You might get a bit scratched and bruised along the way. You might mess up your current relationship, your career, or your lifestyle. You won’t be able to see very far in front of you because everything will be moving faster than you’re used to. Sometimes you’ll just have to take it one day at a time and guess at the best direction. You might even hit a wall now and then.
Bruises just come with the territory. But getting moving again is far better than remaining stuck. The wounds will heal, and I’ve always found an exciting new path to explore. It sure beats dying a slow death while waiting for the vultures to swoop down.
As you do more and more of this kind of path switching, you’ll develop a higher tolerance for it. The pain won’t sting so much. The pain level is still the same, but you’ll be stronger and more capable of handling it.
If you never do this path wandering though, you’ll grow weaker with each passing year. A thorn prick will be enough to send you fleeing back to the comfort of your previous position. You’ll be too afraid to venture far off the path. And most likely you’ll die right where you are. Your only hope will be that some other adventurer comes along and shows you a way out or that some event forces you out. But often that never happens, or it happens on terms that are much less pleasant than what you would have achieved through conscious action.
You control the accelerator
If you want to get onto a new path, you have to be the one to initiate it. Not me. Not your boss. Not your spouse. Not some divine being. It has to come from you. If you’ve stalled at a 7, it’s because you’ve slowed down.
If you know your path is wrong, then you know you need to get off it. Take some time to figure out the best direction to go next, and then get moving. Take baby steps if you need to. Wear lots of protective gear. But just get moving. If you’re stuck then almost any path is better than remaining stagnant.
Think of one small action you can take to get yourself moving in a new direction, and take it today. Don’t wait. Don’t put it off. Don’t suckle your 7. Wean yourself, and get moving again. You may not find that 9 or 10 position, but you can find that 9 or 10 path.
There is no 10
As you begin charging ahead towards your 10, you’ll eventually discover that there is no 10, at least not in the sense of a fixed position. It was just a mirage. You may reach the 10 you defined back when you were a 7, but once you reach it, you’ll see a new 10 off in the distance. There will always be another pot of gold ahead of you.
The real 10 is not some position. It’s the path itself. Human beings aren’t cattle — we aren’t supposed to be settled and domesticated. We need to keep things stirred up in order to continue learning and growing.
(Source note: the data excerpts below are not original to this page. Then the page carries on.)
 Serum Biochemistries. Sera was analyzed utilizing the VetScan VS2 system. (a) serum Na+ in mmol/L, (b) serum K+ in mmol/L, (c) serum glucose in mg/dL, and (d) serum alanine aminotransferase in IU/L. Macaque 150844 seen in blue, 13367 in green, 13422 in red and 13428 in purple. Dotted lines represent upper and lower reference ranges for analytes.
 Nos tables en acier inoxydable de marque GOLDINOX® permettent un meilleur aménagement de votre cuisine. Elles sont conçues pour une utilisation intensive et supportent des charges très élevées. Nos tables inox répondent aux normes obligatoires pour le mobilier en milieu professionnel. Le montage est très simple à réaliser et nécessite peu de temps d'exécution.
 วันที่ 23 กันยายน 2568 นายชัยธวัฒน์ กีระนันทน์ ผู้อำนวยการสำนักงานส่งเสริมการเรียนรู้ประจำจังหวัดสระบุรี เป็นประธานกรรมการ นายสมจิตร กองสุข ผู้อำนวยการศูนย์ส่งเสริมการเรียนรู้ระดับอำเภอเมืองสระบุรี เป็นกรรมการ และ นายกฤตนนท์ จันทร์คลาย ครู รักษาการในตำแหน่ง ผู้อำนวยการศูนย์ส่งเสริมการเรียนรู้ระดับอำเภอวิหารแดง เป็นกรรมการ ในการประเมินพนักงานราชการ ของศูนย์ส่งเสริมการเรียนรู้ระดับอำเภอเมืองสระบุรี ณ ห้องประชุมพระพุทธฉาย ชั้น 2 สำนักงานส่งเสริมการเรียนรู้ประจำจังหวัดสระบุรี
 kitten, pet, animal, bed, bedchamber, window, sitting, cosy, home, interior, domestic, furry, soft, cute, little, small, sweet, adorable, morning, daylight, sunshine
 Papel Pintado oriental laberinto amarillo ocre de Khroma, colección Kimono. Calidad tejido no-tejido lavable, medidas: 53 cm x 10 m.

No matter what fixed position you arrive at in life, it will never be fulfilling. Fulfillment comes from action, not position.
If you want to experience deep fulfillment, take lots and lots of action. Action can be physical, mental, social — even spiritual.
The only true security lies in action. No fixed position is ever secure. Security comes from dynamic action, knowing that no matter what happens, you can always do something about it.
The true 10 is doing your best. And that can never be attained by standing still. Get moving!